[E] Re: [integration-dev] integration/distribution version issues


Sangwook Ha
 

Looking at the release & version bump cycle, some of the steps may be simplified, and hopefully automated:

- For each release of managed projects, release & version bump, are done separately a few days apart - is there any reason why this cannot be done together?
- For 'opendaylight/pom.xml' there are multiple manual steps: can steps 2 & 3 be merged & done automatically?
1) activate profiles for self-managed projects
2) release
3) update versions and deactivate profiles for self-managed projects (sometimes the version bump is done in two separate steps: the artifact/karaf & self-managed project)

And there are two different types of release tags - one for managed projects (e.g. release/silicon-sr3) and common release (14.3.0). The former does not update 'opendaylight/pom.xml' but the latter updates all the POM files. And this is confusing because all the versions except for 'opendaylight/pom.xml' have been bumped up by the time the release is made, and they have a version ahead of what the label says (e.g. for the tag '14.3.0' all the versions except for 'opendaylight/pom.xml' is '14.4.0').

Thanks,
Sangwook

On Wed, Nov 17, 2021 at 1:18 AM Robert Varga <nite@...> wrote:
On 17/11/2021 08:26, Luis Gomez wrote:
> I thought this was clear, at least to ODL old folks, the int/dist
> project holds 2 distributions:

Three, actually.

> - Karaf distribution (karaf/pom.xml) only containing Managed projects is
> also a Managed project and integrated with autorelease (automatic
> release & bump).
> - Common distribution (opendaylight/pom.xml) containing Managed and Self
> Managed projects.
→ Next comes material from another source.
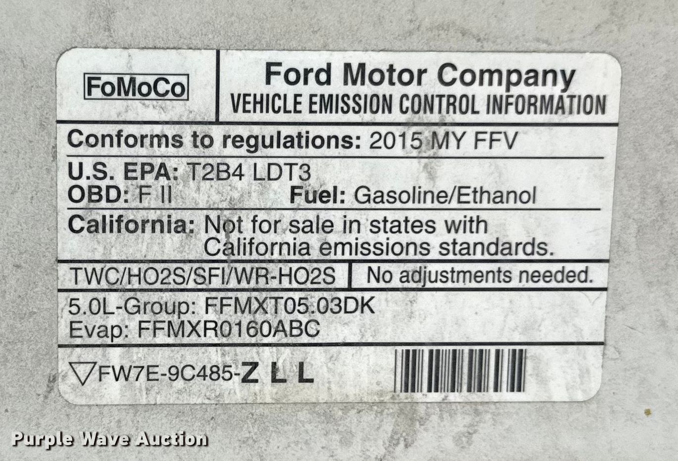 2015 Ford F150 XL SuperCab pickup truck. Miles: 80,879 on odometer, VIN: 1FTFX1EF8FKE06100. Engine Displacement: 5.0L V8, Cylinders: 8, Fuel type: Gas. Transmission Automatic, Four wheel drive. Interior AC, Heat, Power windows, Power locks, Cruise control. Tires Size: 265/70R17. Notes Dash warning indicator: TPMS. Kansas title. Title distribution may be delayed up to 14 days from verification of funds. Tonganoxie, KS 66086
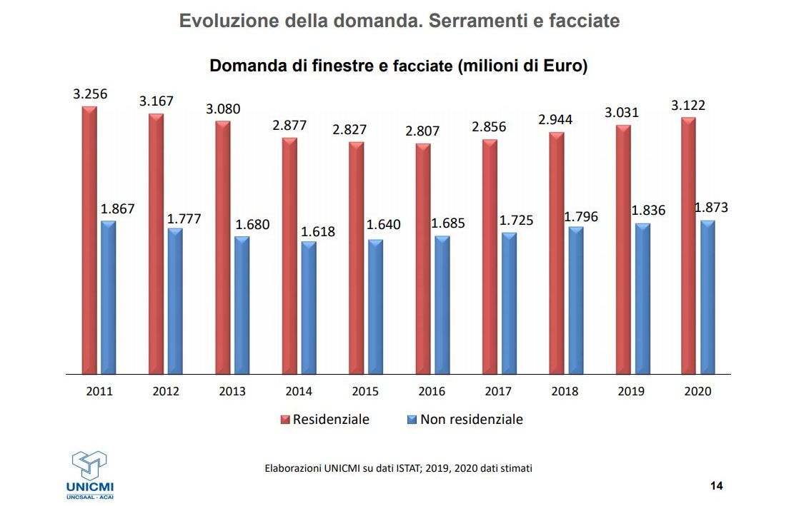 Unicmi ha presentato il Rapporto 2019 sul mercato italiano dell’involucro edilizio. Carmine Garzia, responsabile scientifico dell’Ufficio Studi Unicmi, ha illustrato i dati di un settore che è tornato a crescere sotto la spinta della ripresa degli investimenti nelle costruzioni (+3,1% nel 2018) e che presenta prospettive di sviluppo della domanda di serramenti e facciate superiori alla crescita attesa del Pil per il 2019 e per il biennio 2020-2021 (con un tasso di crescita attorno al 2,5% annuo).

This is a Self Managed project and therefore it has to
> be manually released, bumped, etc, just like any other SM project.

Yes, and therefore the release lifecycle of int/dist is unlike any other
project I have come across.

> AFAIR the sanity test you are pointing out is the only test that uses
> the common distribution, all of our CSIT uses Karaf distribution. I hope
> this explains.

Right-o, but unfortunately you are explaining something completely
off-topic, so let me try to reiterate.

1. Ever since the dawn of autorelease MSI projects have agreed to bump
the minor version, i.e. 1.2.0 -> 1.3.0

2. On Feb 22 this year, Anil branched stable/silicon, correctly bumping
opendaylight/pom.xml from 0.14.0-SNAPSHOT to 0.15.0-SNAPSHOT:
https://git.opendaylight.org/gerrit/c/integration/distribution/+/95287

3. On Apr 3 this year, you changed the versioning scheme on
stable/silicon to 14.0.0-SNAPSHOT:
https://git.opendaylight.org/gerrit/c/integration/distribution/+/95655

4. On Apr 22 this year, Guillaume made a similar change on then-master:
https://git.opendaylight.org/gerrit/c/integration/distribution/+/95789

5. On Sep 21 this year, Anil branched stable/phosphorus, but unlike all
the previous times, opendaylight/pom.xml's version was NOT updated:
https://git.opendaylight.org/gerrit/c/integration/distribution/+/97551

6. On Sep 24 this year, the first successful
distribution-merge-full-sulfur job run:
https://s3-logs.opendaylight.org/logs/releng/vex-yul-odl-jenkins-1/distribution-merge-full-sulfur/2/console.log.gz,
happily doing:

> Deploying the main artifact opendaylight-15.0.0-SNAPSHOT.tar.gz
> Uploading to opendaylight-snapshot: https://nexus.opendaylight.org/content/repositories/opendaylight.snapshot/org/opendaylight/integration/opendaylight/15.0.0-SNAPSHOT/opendaylight-15.0.0-20210924.032546-1083.tar.gz
> Uploaded to opendaylight-snapshot: https://nexus.opendaylight.org/content/repositories/opendaylight.snapshot/org/opendaylight/integration/opendaylight/15.0.0-SNAPSHOT/opendaylight-15.0.0-20210924.032546-1083.tar.gz (266 MB at 28 MB/s)
> Uploading to opendaylight-snapshot: https://nexus.opendaylight.org/content/repositories/opendaylight.snapshot/org/opendaylight/integration/opendaylight/15.0.0-SNAPSHOT/maven-metadata.xml
> Uploaded to opendaylight-snapshot: https://nexus.opendaylight.org/content/repositories/opendaylight.snapshot/org/opendaylight/integration/opendaylight/15.0.0-SNAPSHOT/maven-metadata.xml (982 B at 18 kB/s)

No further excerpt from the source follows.